中文:Agent Monitor 面向本机单用户工作:Codex / Claude 长任务、SkillsBench 实验、benchmark 脚本、docker run、Docker Compose project,以及 Docker 容器里的 codex-exec 任务。

Run the app:

npm install
npm run dev

Open:

http://localhost:5173/?view=monitor

Use the control room:

  1. Keep Live enabled for 2-second refresh, or pause it while inspecting a stopped job.
  2. Use Active, Recent, Stale, Docker, search, and sort controls to find the job.
  3. Open a job to inspect progress, latest output, artifact tail, process tree, container details, and persisted history paths.
  4. Click the safe-stop preview action first. The preview shows protected root processes, stoppable child process groups, and containers that would be removed.
  5. Execute stop only after the preview. The result shows killed processes, removed containers, residual checks, cleanup errors, and the saved history JSON.

安全规则:

  • 外部 Codex / Claude root process group 不会被停止。
  • 只有可归属到 agent job 的子任务 process group 可以停止。
  • Docker cleanup 只处理 stop preview 中列出的容器。
  • Compose project 通过 Docker labels 查找容器并 docker rm -f,不会运行 docker compose down

Local monitor data:

  • .skilllens/monitor-runs/<date>/<jobId>.json: stopped / recent job history with lastStopResult.
  • .skilllens/monitor-smoke-screenshots/<run-id>/: screenshot-backed verification reports.

API surface:

  • GET /api/agent-jobs: active and recent jobs.
  • POST /api/agent-jobs/:id/stop/preview: safe-stop preview.
  • POST /api/agent-jobs/:id/stop: execute the previously previewed stop plan.
  • GET /api/agent-processes: compatibility endpoint for older process views.

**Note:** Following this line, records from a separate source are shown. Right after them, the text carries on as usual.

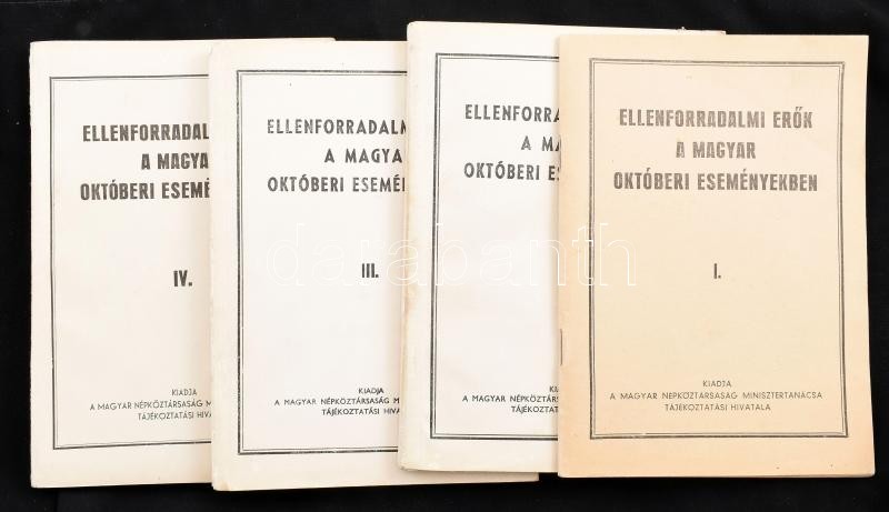 Ellenforradalmi erők a magyar októberi eseményekben I-IV. köt. Bp., én., Magyar Népköztársaság Minisztertanácsa Tájékoztatási Hivatala. Fekete-fehér fotókkal illusztrált. Kiadói papírkötés.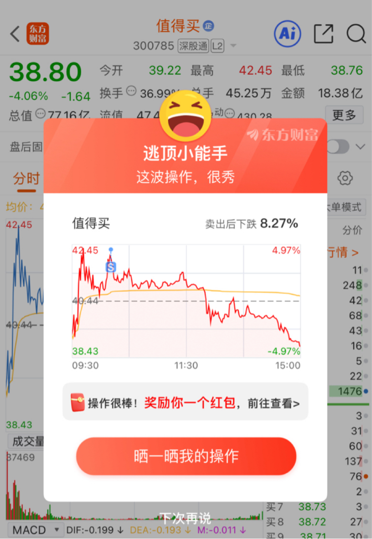 $值得买(SZ300785)$ 反正昨天卖飞了,今天就都卖了吧,再见,祝留下的好运!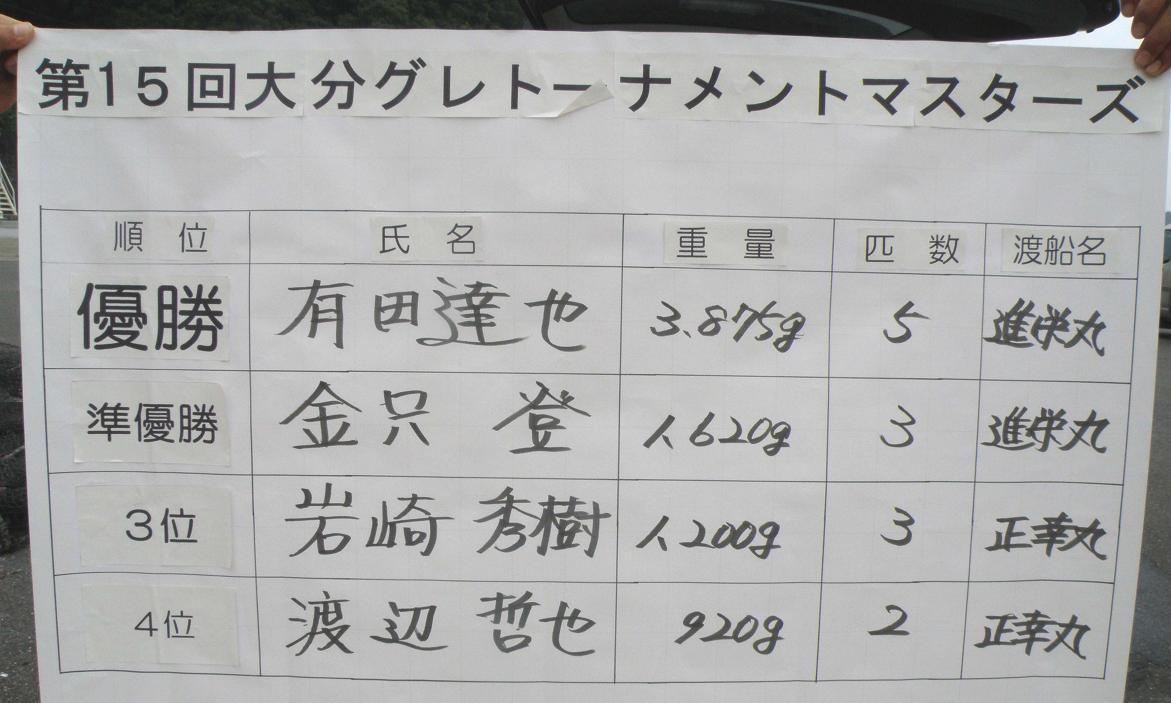 で、今回は猪熊君が初優勝グレのトーナメントで芽が出なかった彼がようやく輝いた日になりました。おめでとう。私の後に、大分の釣り界を担って欲しい釣人№1釣り師だけに、素直に嬉しい(^^ゞ

Agent Monitor Verification / Agent Monitor 验证

Every Agent Monitor feature is covered by screenshot-backed smoke evidence.

Run the full core verification:

npm run monitor:verify

Run Docker coverage as well:

npm run monitor:verify:docker

These commands start a temporary local Vite server, exercise the monitor UI, validate the generated evidence manifest, print the report path, and stop the server.

Evidence is written to:

.skilllens/monitor-smoke-screenshots/<run-id>/evidence.md
.skilllens/monitor-smoke-screenshots/<run-id>/evidence.json

The evidence contract currently checks 31 core screenshots and 42 Docker screenshots, including active job cards, live progress, stale state, protected root state, stop preview, stop result, recent history, detached Docker cleanup, Compose label cleanup, and Docker-contained codex-exec cleanup.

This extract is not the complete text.